John and Abigail were married in 1764; during the next 10
years he practiced law and managed the family farm while she
took care of household affairs and gave birth to five children,
one of whom died at barely more than a year old. Then, in
August 1774, John was sent to Philadelphia to represent Massachusetts
at the First Continental Congress. They wrote to each other
as often as they could, and so began the most remarkable exchange
of letters in American history.
John and Abigail wrote more than a thousand letters to each
other, and My Dearest Friend contains 289 selections
from the body of their lifelong correspondence. The couple
met when 23-year-old John was introduced to the minister’s
14-year-old daughter. The first letter we have comes three
years later, a playful note to the teenage “Miss Adorable,”
a kind of mock invoice, insisting that she owes him numerous
“Kisses,” since “I have given two or three Millions at least”
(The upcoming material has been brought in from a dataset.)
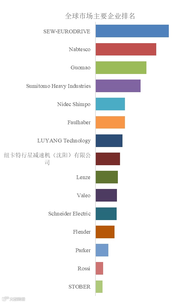 全球范围内,齿轮减速箱主要生产商包括SEW‑EURODRIVE,Nabtesco,Guomao,Sumitomo Heavy Industries,Nidec Shimpo等,其中前五大厂商占有大约38.62%的市场份额。

and the debt has not been near repaid. The last in this collection
is John’s heartbreaking letter to his son John Quincy upon
Abigail’s death.
The distance between Braintree, Mass., and Philadelphia meant
that the letters spent weeks in transit, compelling the correspondents
to write blindly, not knowing what letters had reached their
destination. Even worse, the letters were sometimes snatched
up by the British or their sympathizers, and in some cases
published in British newspapers. In 1778, John Adams was sent
to Paris on the first of many foreign missions that kept him
far from home for years at a time. At best, it took six to
eight weeks to cross the Atlantic; letters and packages were
routinely intercepted, or thrown overboard at the approach
of a British warship. Abigail began one of her letters with
“Three days only did it want of a year from the date of your
last Letter . . . ”
The letters are about everything under the sun: political
events and political personalities, of course, but also more
mundane matters, such as the crops on the family farm, the
six-week stay in Boston where Abigail and her family go through
their smallpox vacination, the endless wrangling in the Continental
Congress, and Philadelphia’s bad beer. There were larger subjects,
which it’s clear they had discussed before, such as the education
of women and their role in society. The famous passage where
Abigail reminds John to “Remember the Ladies” comes in a letter
that begins by talking about military, domestic and political
affairs, but then she writes:
“I
desire you would Remember the Ladies, and be more generous
and favorable to them than your ancestors. Do not put such
unlimited power into the hands of the Husbands. Remember all
Men would be tyrants if they could. If particular care and
attention is not paid to the Ladies we are determined to foment
a Rebellion, and will not hold ourselves bound by any Laws
in which we have not voice, or Representation.” There’s a
lightness of tone here, but when John replied in a jocular
manner she let him know she was quite serious.
No biography can capture the steady love and admiration revealed
in this correspondence. To his contemporaries, John Adams
was a cranky New Englander given to occasional outbursts of
near insanity. But in these letters we discover a loving and
loveable family man, extraordinarily intelligent and patriotic,
ambitious, frustrated, filled with wrath and envy and, at
last, contented with his place and his lot in life. Contemporary
accounts note Abigail’s intelligence, her ability to grasp
the large political picture and its details, too. But she
was not a public figure, and her letters are our best way
to get to know her.
In our e-mail era, it’s curious to read these antique letters
written with a quill in sooty ink, the paper folded to make
its own envelope, and all sealed with wax. Most amazing, you
can read the thousand and more by John and Abigail, in their
own neat handwriting, at the web site of the Massachusetts
Historical Society. Each letter is available as a full-sized
image and an enlarged image. It’s all there. It’s a treasure.